On the basis of five explanatory variables (HMOX1, HAMP, LPIN1, MAP3K5 and FLT3), we developed a diagnostic ferroptosis-associated gene signature and identified two differently categorized OP subtypes that may potentially be applied for the early diagnosis and individualized treatment of PMOP. The ER gene, VDR gene, IL-6 gene, COL1A1 and COL1A2 genes, and PTH gene are important candidate gene of OP, however, more studies are still anticipated to further elucidate the relationship between these genes and ferroptosis in OP.
绝经后骨质疏松症(PMOP)是全球最常见的疾病之一,其特征是雌激素缺乏以及随着年龄的增长持续的钙流失。本研究旨在确定 PMOP 相关的显著铁死亡相关生物标志物。
我们从基因表达综合数据库(GEO)使用 GSE56815 表达谱数据获得了我们的训练数据集。同时,我们提取了铁死亡相关基因进行进一步分析。使用“limma”包选择了 OP 患者和正常对照组之间差异表达的铁死亡相关基因(DEFAGs)。我们使用随机森林(RF)和支持向量机(SVM)模型建立了铁死亡相关基因特征模型。该模型在另一个数据集(GSE56814)中得到了进一步验证,该数据集的 AUC 也很高:0.98,表明具有较高的诊断价值。使用共识聚类,确定了 OP 患者的亚型。通过 PCA 建立了铁死亡相关基因(FAG)评分方案。还比较了不同 ferrclusters 和 geneclusters 之间与 OP 相关的重要候选基因。

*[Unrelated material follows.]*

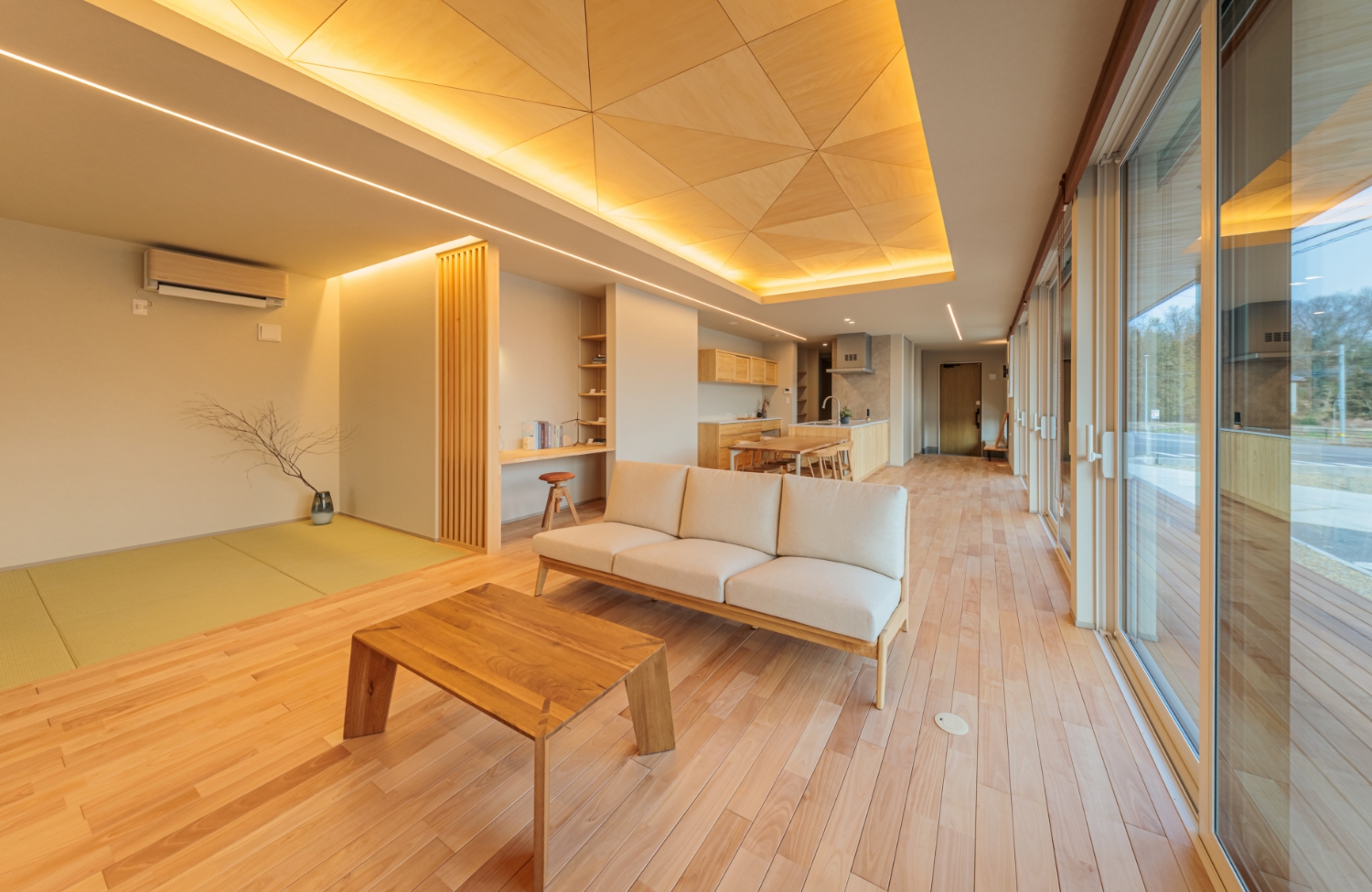 天井高と窓の配置を計算し、時間帯によって光の入り方が変化し、冬は暖かく、夏は涼しい緻密な設計がもたらす快適な空間をお楽しみください。

获得了显著的 DEFAGs,其中 5 个(HMOX1、HAMP、LPIN1、MAP3K5、FLT3)被选择用于建立铁死亡相关基因特征模型。从 ROC 曲线分析,我们建立的 RF 模型的 AUC 值高于 SVM 模型(RF 模型 AUC:1.00)。考虑到这些结果,选择建立的 RF 模型作为最合适的训练模型。后来,根据这 5 个 DEFAGs 的表达水平,建立了一个临床应用的列线图。根据 DEFAGs 和差异表达基因(DEGs),OP 患者被分为两类(ferrcluster A 和 B,以及 genecluster A 和 B)。ferrcluster B 和 genecluster B 的铁死亡评分均高于 ferrcluster A 和 genecluster A。与 ferrcluster A 和 genecluster A 相比,ferrcluster B 和 genecluster B 中 COL1A1 基因的表达明显更高,而在 ferrcluster A 和 B 以及 genecluster A 和 B 之间,VDR 基因、COL1A2 基因和 PTH 基因的表达没有统计学差异。
基于 5 个解释变量(HMOX1、HAMP、LPIN1、MAP3K5 和 FLT3),我们开发了一个诊断性铁死亡相关基因特征模型,并确定了两种不同分类的 OP 亚型,可能有助于 PMOP 的早期诊断和个体化治疗。ER 基因、VDR 基因、IL-6 基因、COL1A1 和 COL1A2 基因以及 PTH 基因是 OP 的重要候选基因,但仍需要更多研究来进一步阐明这些基因与 OP 中铁死亡之间的关系。